**Task description:** Every entry below should be transcribed exactly; pictures stay out of the copy.

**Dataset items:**
+++
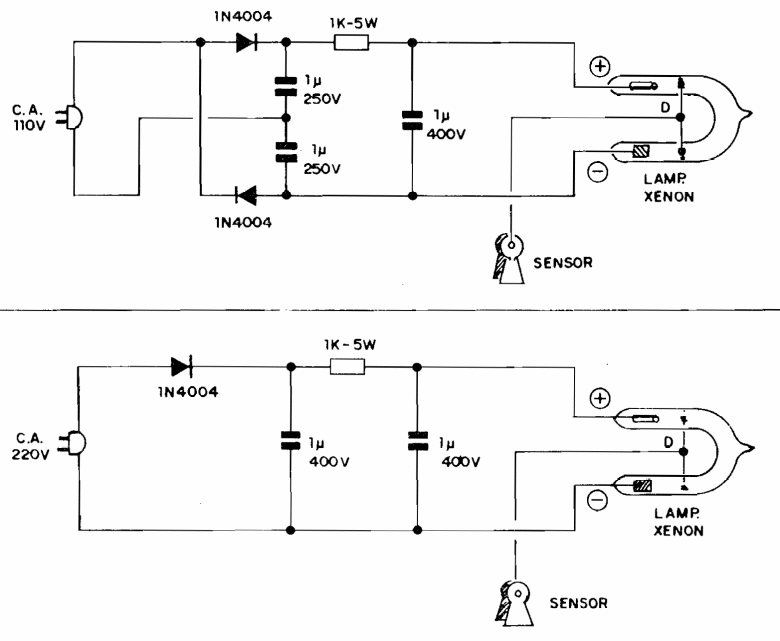 These two point-light circuits for cars with platinum were found in an old national documentation. The circuit has versions for 110 V and 220 V and has a sensor that is connected to the car's high voltage distributor.
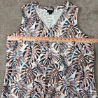 J. Jill Wearever Collection sleeveless shift dress in a vibrant tropical monstera leaf print. Crafted from a soft, wrinkle-resistant rayon and Lycra spandex blend, this travel-friendly piece features a flattering V-neckline and convenient side seam pockets. The multi-color botanical pattern includes shades of pink, blue, and brown on a white ground, making it a versatile choice for vacations or casual summer outings. Measurements: • Pit to Pit: 22" • Waist: 23" • Length: 38"
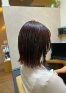 ブリーチ部分には、赤みが鮮やかに入り、光に当たると透けるような透明感とツヤが生まれます。
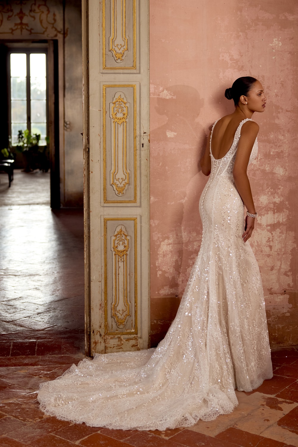 Paillettes tono su tono e paillettes argento si distribuiscono su corpetto e gonna creando un effetto luminoso uniforme. Sul retro, lo scollo a U è rifinito da bottoncini rivestiti in pizzo Chantilly che proseguono lungo lo strascico di lunghezza cappella.
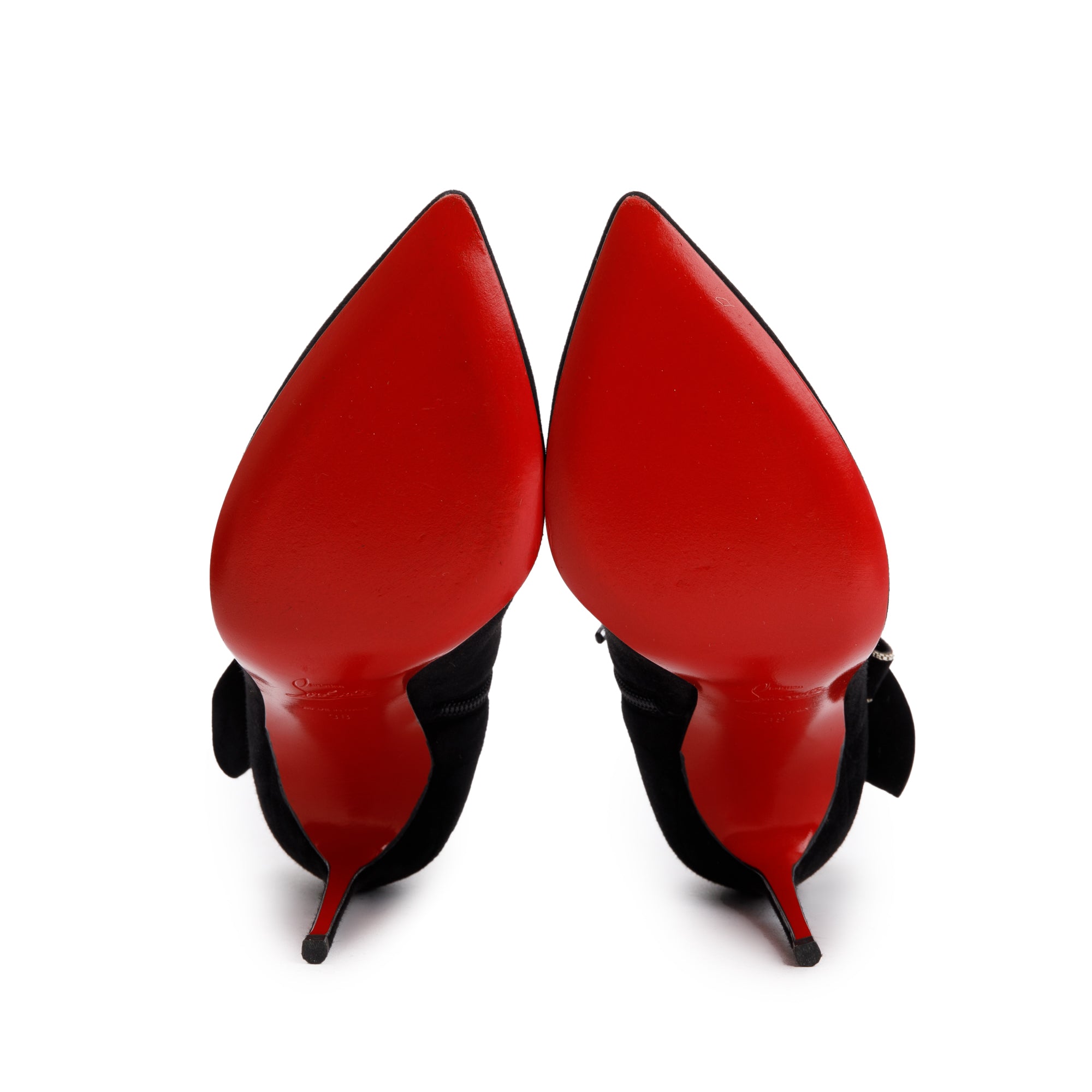 Black Suede Ruffle Embellished Ankle Boots, Size 38
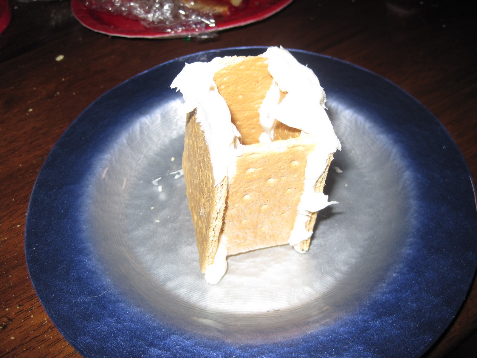 Step 3: Snap another big graham cracker in half, dab some frosting on the edges, and make a pointed roof. Note: My roof slipped several times because I had too much frosting, but it stayed put after a minute.
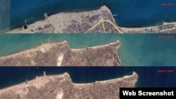 "Planet Labs"dən götürülən 2023-cü ilin oktyabrına aid görüntülər artıq süni yarımadakı tikinti işlərinin getdiyini göstərir. Bu il aprelin 17-nə aid görüntülərdənsə yarımadanın yekun şəklini aldığını görmək olur.
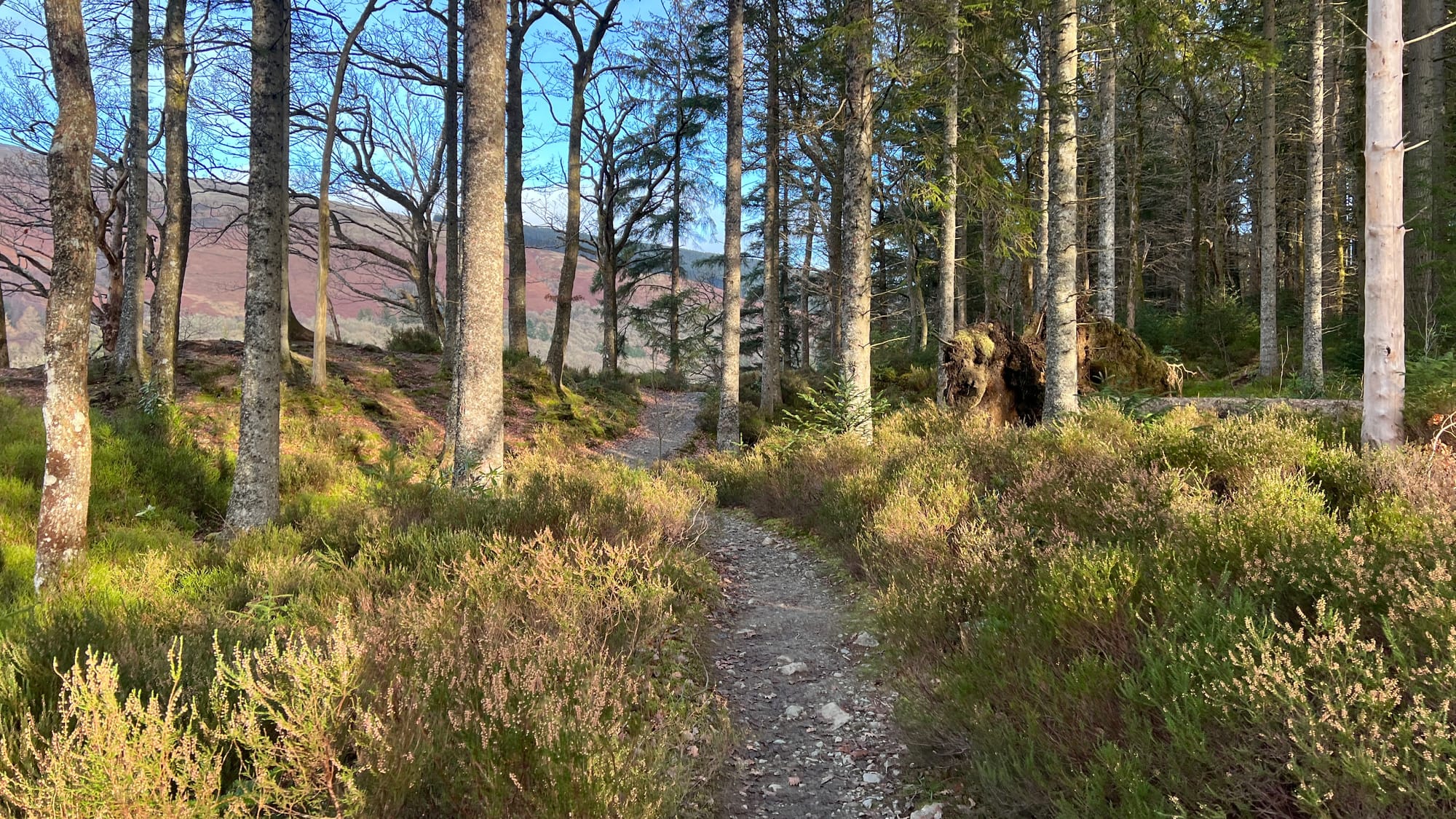 We spent the day walking towards Aberfoyle from home. Why? To meet Sarah out of work! We loosely followed the ‘8-mile loop’, trying to keep as close to Loch Ard as possible. It’s a simple route, but we made many detours down trails and to follow animal tracks to ‘explore’. Ard Forest is beautiful this time of year!
+++
**Exercise result:**
 These two point-light circuits for cars with platinum were found in an old national documentation. The circuit has versions for 110 V and 220 V and has a sensor that is connected to the car's high voltage distributor.
 J. Jill Wearever Collection sleeveless shift dress in a vibrant tropical monstera leaf print. Crafted from a soft, wrinkle-resistant rayon and Lycra spandex blend, this travel-friendly piece features a flattering V-neckline and convenient side seam pockets. The multi-color botanical pattern includes shades of pink, blue, and brown on a white ground, making it a versatile choice for vacations or casual summer outings. Measurements: • Pit to Pit: 22" • Waist: 23" • Length: 38"
 ブリーチ部分には、赤みが鮮やかに入り、光に当たると透けるような透明感とツヤが生まれます。
 Paillettes tono su tono e paillettes argento si distribuiscono su corpetto e gonna creando un effetto luminoso uniforme. Sul retro, lo scollo a U è rifinito da bottoncini rivestiti in pizzo Chantilly che proseguono lungo lo strascico di lunghezza cappella.
 Black Suede Ruffle Embellished Ankle Boots, Size 38
 Step 3: Snap another big graham cracker in half, dab some frosting on the edges, and make a pointed roof. Note: My roof slipped several times because I had too much frosting, but it stayed put after a minute.
 "Planet Labs"dən götürülən 2023-cü ilin oktyabrına aid görüntülər artıq süni yarımadakı tikinti işlərinin getdiyini göstərir. Bu il aprelin 17-nə aid görüntülərdənsə yarımadanın yekun şəklini aldığını görmək olur.
 We spent the day walking towards Aberfoyle from home. Why? To meet Sarah out of work! We loosely followed the ‘8-mile loop’, trying to keep as close to Loch Ard as possible. It’s a simple route, but we made many detours down trails and to follow animal tracks to ‘explore’. Ard Forest is beautiful this time of year!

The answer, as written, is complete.